Duke - 29 Maj 2006, 08:37
- Zenek! Ale ty to jesteś *beep* wołowa, przygłup i lebiega!
- Czemu?
- Czemu, czemu! Co ja, genetyk jestem? Rodziców się zapytaj!
elam - 29 Maj 2006, 10:12
- Jasiek, umiesz robic potworki?
- potworki? nie..
- a twoi rodzice umieli, haha
(bosz, ile razy w zyciu ja to slyszalam..)
Duke - 29 Maj 2006, 10:19
- Franek! A ty za to, jesteś ciul, złamas i kutafon!
- Dlaczego mi to mówisz?
- Bo może nie wiedziałeś...
Piech - 29 Maj 2006, 13:23
Rzeczywiście, chodziło o Smarties.
Moje najmłodsze do dziś rzuca świetnymi tekstami, ale to tak jak z kawałami: zapomina się, chyba że się zapisze. Pamiętam tylko jak przestawiała sylaby i wychodziły "kibałski", "kaszole".
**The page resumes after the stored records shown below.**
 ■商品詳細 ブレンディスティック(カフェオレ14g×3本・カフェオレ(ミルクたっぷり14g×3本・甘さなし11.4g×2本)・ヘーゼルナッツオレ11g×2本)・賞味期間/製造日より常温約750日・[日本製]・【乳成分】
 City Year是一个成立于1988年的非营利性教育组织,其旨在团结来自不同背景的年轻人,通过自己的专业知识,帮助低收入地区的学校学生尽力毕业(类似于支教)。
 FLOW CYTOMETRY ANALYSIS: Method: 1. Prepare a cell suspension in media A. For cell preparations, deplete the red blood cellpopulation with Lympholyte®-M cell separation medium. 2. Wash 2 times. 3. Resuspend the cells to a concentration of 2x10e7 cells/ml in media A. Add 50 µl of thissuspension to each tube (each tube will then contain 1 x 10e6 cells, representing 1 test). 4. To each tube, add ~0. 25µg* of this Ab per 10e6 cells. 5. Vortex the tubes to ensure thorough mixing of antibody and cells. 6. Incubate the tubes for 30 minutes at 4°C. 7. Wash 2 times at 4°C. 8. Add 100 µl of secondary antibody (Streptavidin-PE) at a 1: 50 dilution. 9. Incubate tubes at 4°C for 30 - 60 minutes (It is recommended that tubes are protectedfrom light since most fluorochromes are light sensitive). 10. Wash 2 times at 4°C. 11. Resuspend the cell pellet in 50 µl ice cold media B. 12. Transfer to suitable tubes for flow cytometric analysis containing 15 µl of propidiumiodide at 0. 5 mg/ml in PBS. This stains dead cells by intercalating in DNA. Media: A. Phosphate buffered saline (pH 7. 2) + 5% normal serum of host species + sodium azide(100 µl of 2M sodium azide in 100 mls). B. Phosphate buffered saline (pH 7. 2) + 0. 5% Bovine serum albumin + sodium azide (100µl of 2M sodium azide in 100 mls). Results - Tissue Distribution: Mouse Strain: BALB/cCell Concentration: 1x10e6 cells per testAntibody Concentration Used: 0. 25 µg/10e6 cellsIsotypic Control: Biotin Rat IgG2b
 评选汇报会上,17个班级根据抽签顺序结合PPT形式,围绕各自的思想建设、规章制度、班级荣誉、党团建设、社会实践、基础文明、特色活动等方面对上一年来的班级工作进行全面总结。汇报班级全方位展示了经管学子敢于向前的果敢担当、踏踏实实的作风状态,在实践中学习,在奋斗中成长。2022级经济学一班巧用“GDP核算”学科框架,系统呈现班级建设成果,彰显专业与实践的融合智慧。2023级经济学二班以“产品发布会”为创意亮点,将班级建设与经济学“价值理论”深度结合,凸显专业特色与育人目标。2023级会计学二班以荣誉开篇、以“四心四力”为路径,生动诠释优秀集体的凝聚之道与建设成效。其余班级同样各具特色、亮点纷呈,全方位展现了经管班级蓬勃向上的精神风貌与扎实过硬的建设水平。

Godzilla - 29 Maj 2006, 14:06
Rozmowa mojego synka z kuzynką:
Ona: - Narysuj mi noc.
On: - Nie, teraz jest dzień, narysuję ci dzienia.
mawete - 30 Maj 2006, 08:07
Noje dziecko (4,5) zasnęło na dobranocce. Rozbudziło sie na wiadomościach i zobaczyło pewnego pana. Sennym głosem:
- Ro-man Giertych musi odejść... (do rytmu "Balcerowicz musi odejść..." )
Po tatusiu tak ma
//edit: od tamtej pory jak to mówię to mnie żona opieprza.... Ostatnio jak tak powiedziałem, dziecko:
- Tatusiu nie mów brzydkich słów...
Pako - 30 Maj 2006, 09:42
mawete -RoX
Vesper - 30 Maj 2006, 10:45
Na ulicy spotykają się dwie koleżanki muzułmanki. Pierwsza z nich odziana tradycyjnie, od stóp do głów, nie może się nadziwić swojej znajomej, która ma na sobie prostą, zachodnią sukienkę w kwiaty, bez chusty zasłaniającej twarz, bez szat okrywających całe ciało.
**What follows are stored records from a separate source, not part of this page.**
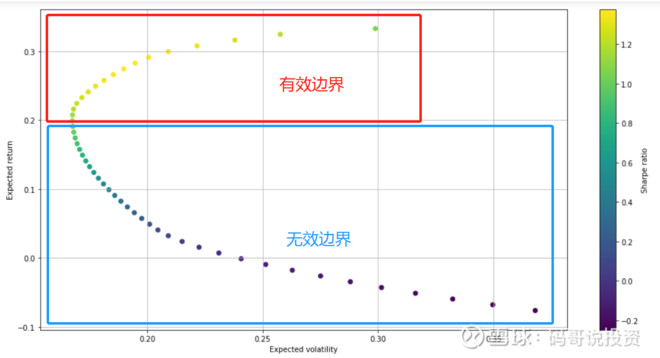 无效边界之所以是无效的,是因为在同等或者相似的风险下(波动率),可以找到更好的投资组合比例,使得组合收益率更高。你可以尝试垂直x轴画一条线,这条垂线会和整条边界线有两个交点,一个在上面的有效边界上,一个在下面的无效边界上。有效边界上的交点代表的投资组合有更高的收益率,而且它的风险和无效边界上的组合是差不多的。所以,对于理性的投资者,有效边界上的组合才是值得投资的。
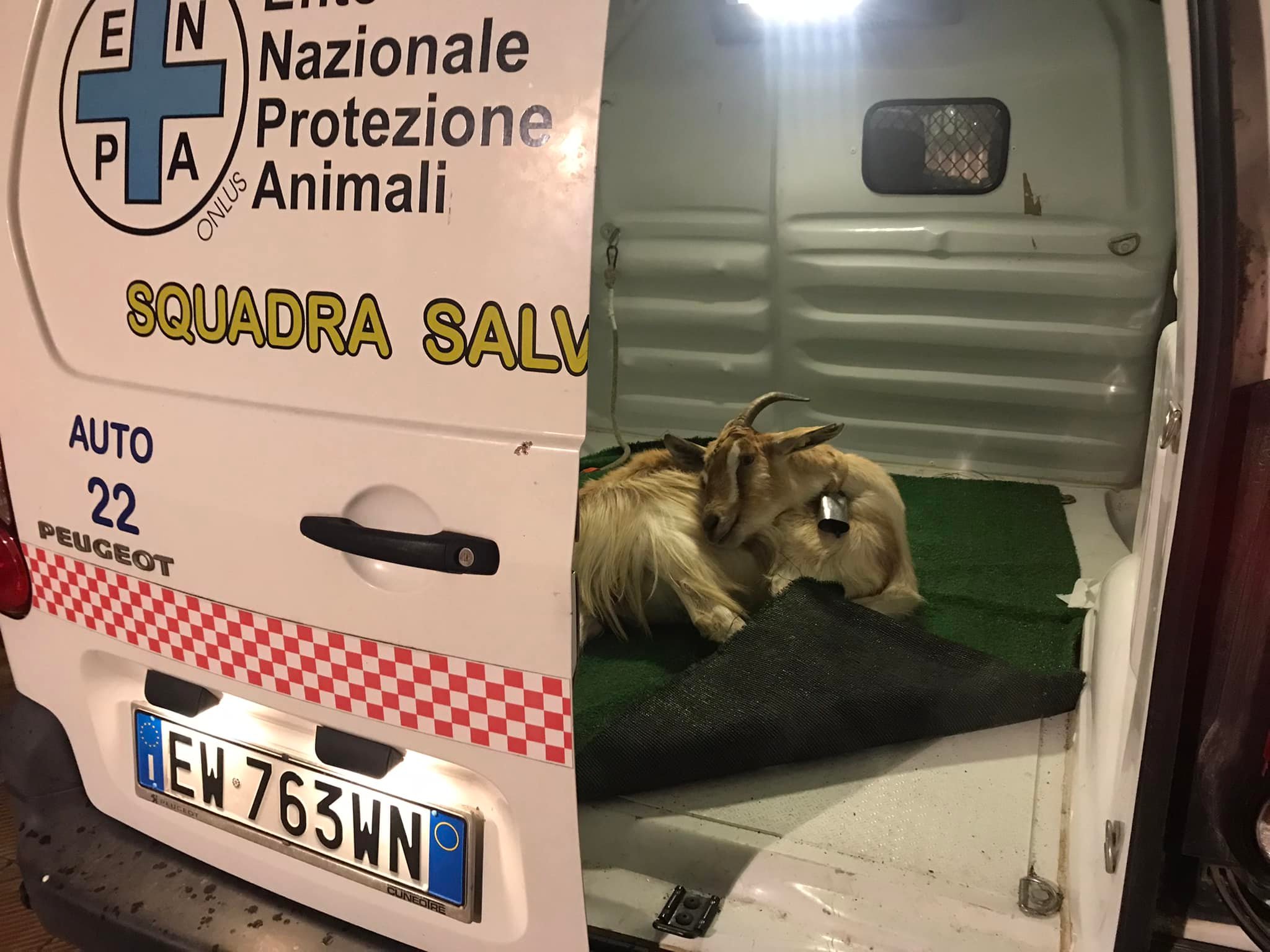 Ieri, alle ore 17.00, su segnalazione della Polizia Locale e con il veterinario reperibile Asl, abbiamo recuperato questa capra che vagava nel centro della città.
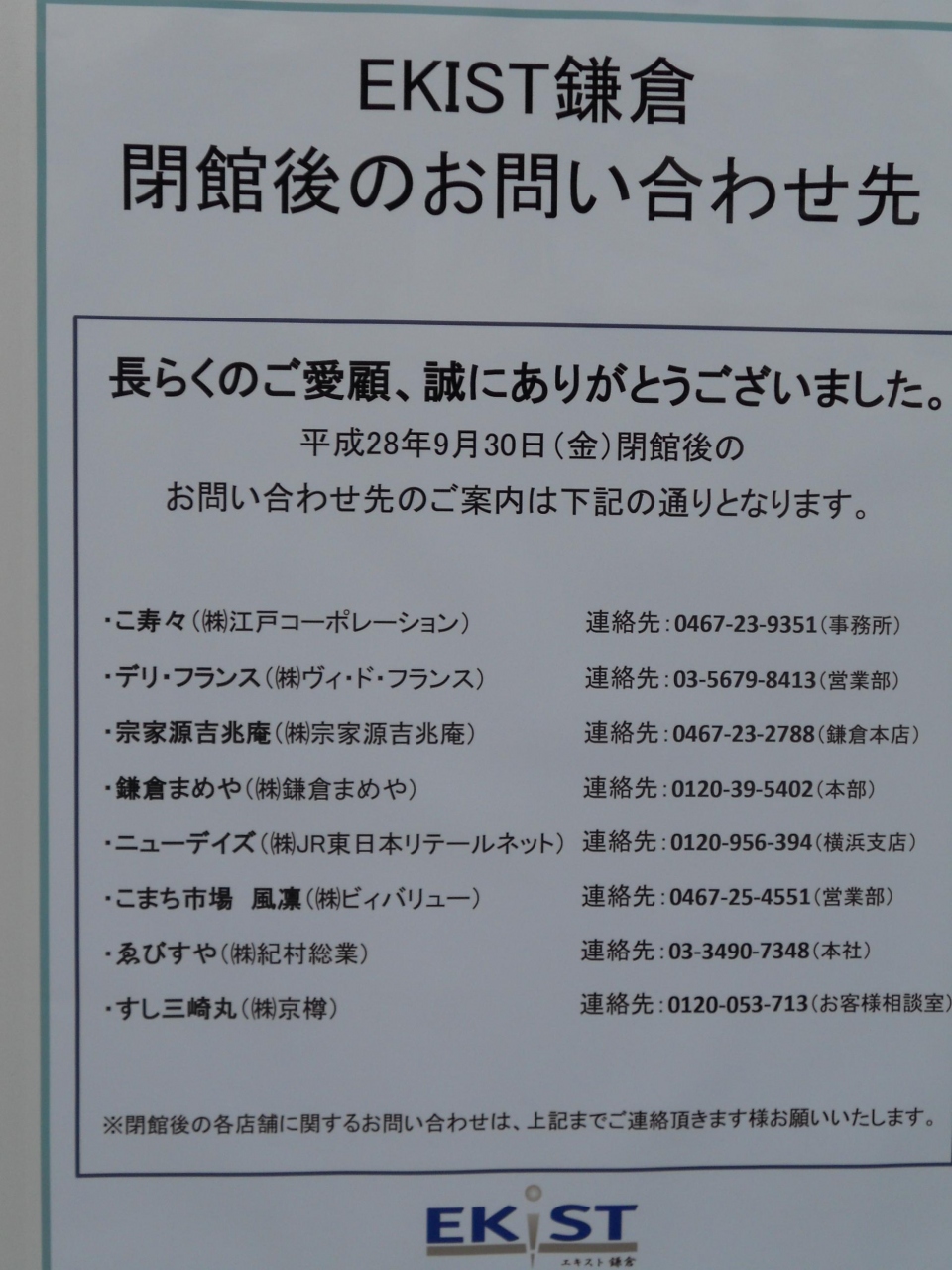 鎌倉駅の駅ビル「エキスト鎌倉」ですが、10月の三連休時点で、すでに閉店していました。。

"Cóż się stało, moja przyjaciółko? Wyszłaś za niemuzułmanina?" "Ależ skąd, po prostu poszłam i honorowo oddałam kwef."
-----
Jesień. Przez las przedziera się dzielnie jeżyk. Pofukując, trafia na polankę, na której stoi piękny domek, otoczony rozległym ogrodem. Z radością zauważa, iż na jednym z drzewek lśni połyskliwie ostatnie jabłko.
Pokonuje ogrodzenie, przeciskając się między sztachetami, po czym zaczyna napierać na drzewko raz za razem, aby zmusić je do oddania ostatniego owocu.
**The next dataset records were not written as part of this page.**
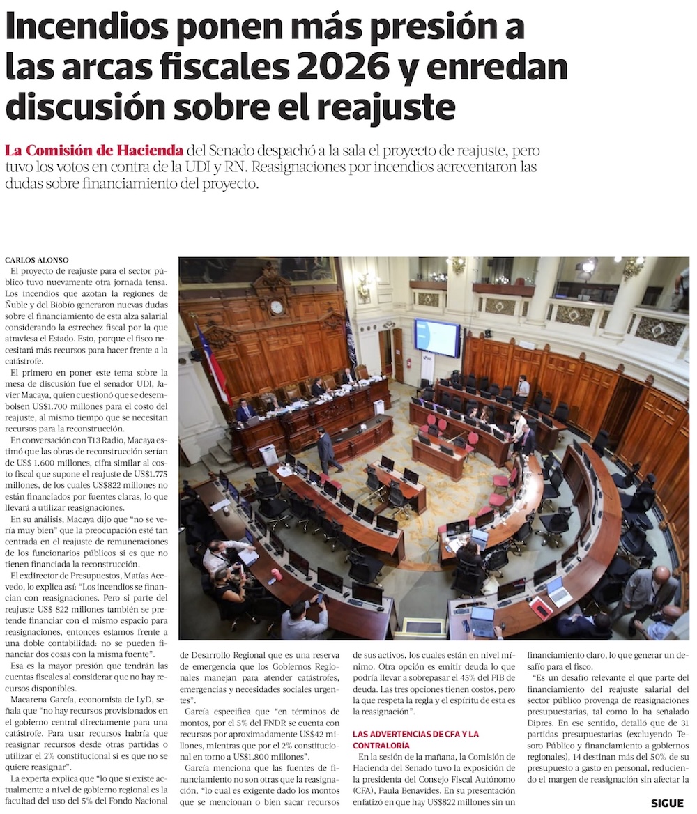 Se intensifican daños por incendios y Contraloría advierte que emergencia pone en riesgo financiamiento del reajuste - (Diario Financiero)
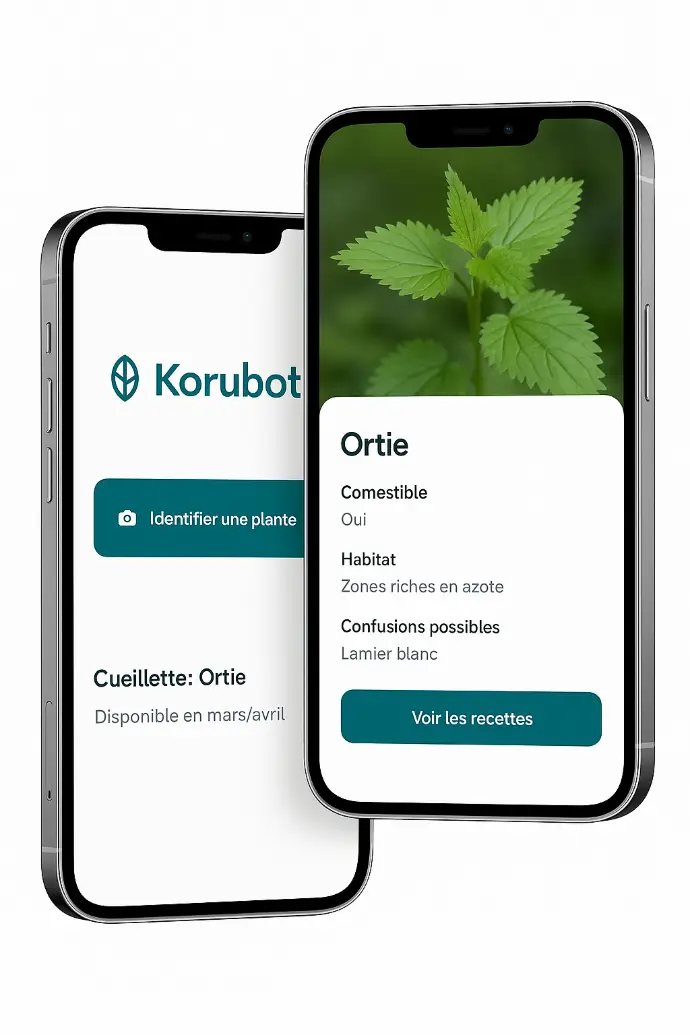Korubot Plants est une application mobile qui vous guide dans l’identification des plantes sauvages comestibles et vous propose des recettes adaptées, du débutant au cueilleur expérimenté.
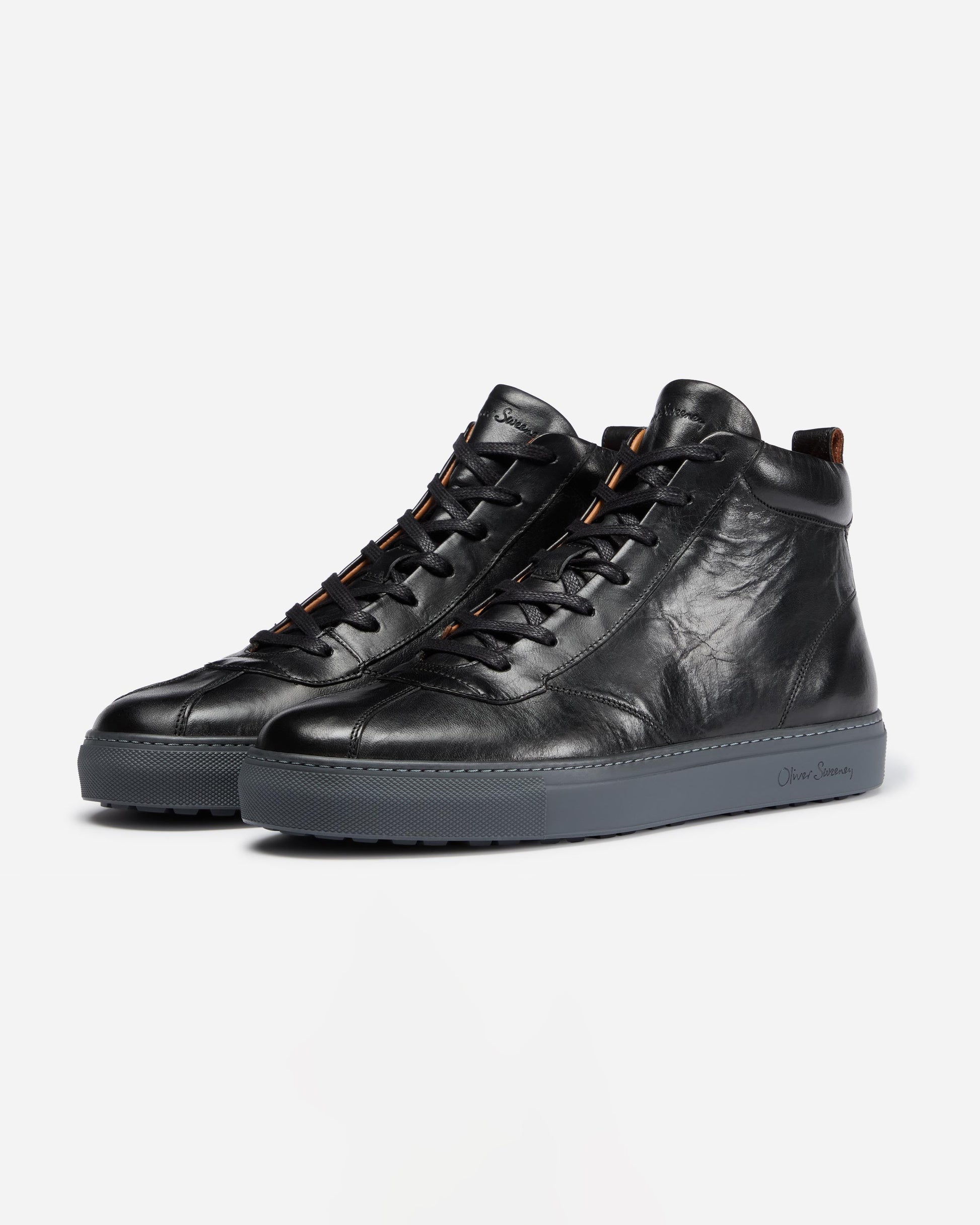 Defeza Mens Calf Leather Retro Hi-Tops - Black

W końcu, odnosi sukces. Radośnie pofukując mimo zmęczenia, drepcze w kierunku zdobyczy.
Nagle, niebo ciemnieje, biją gromy, wzbija się wichura, rozstępuje się ziemia, a z niej wysuwa się wielka *beep* i z mlaskiem połyka jabłko, po czym znika błyskawicznie pod ziemią.
Wszystko cichnie i wraca do normalności.
Osłupiały jeżyk, ledwo co pozbierawszy nerwy po niesamowitym wydarzeniu, fuczy pod nosem "Do diaska, co to było?"
Na to niebo znów ciemnieje, ponownie biją gromy, po raz kolejny wzbija się wichura, ziemia znów się rozstępuje, wysuwa się wielka *beep* i z mlaskiem grzmi: "ANTONÓWKA!"
Słowik - 30 Maj 2006, 12:46
Pamiętacie Piszczałkę ?
Sasori - 30 Maj 2006, 13:50
To ta co nie zezwalała na linkowanie bezpośrednie?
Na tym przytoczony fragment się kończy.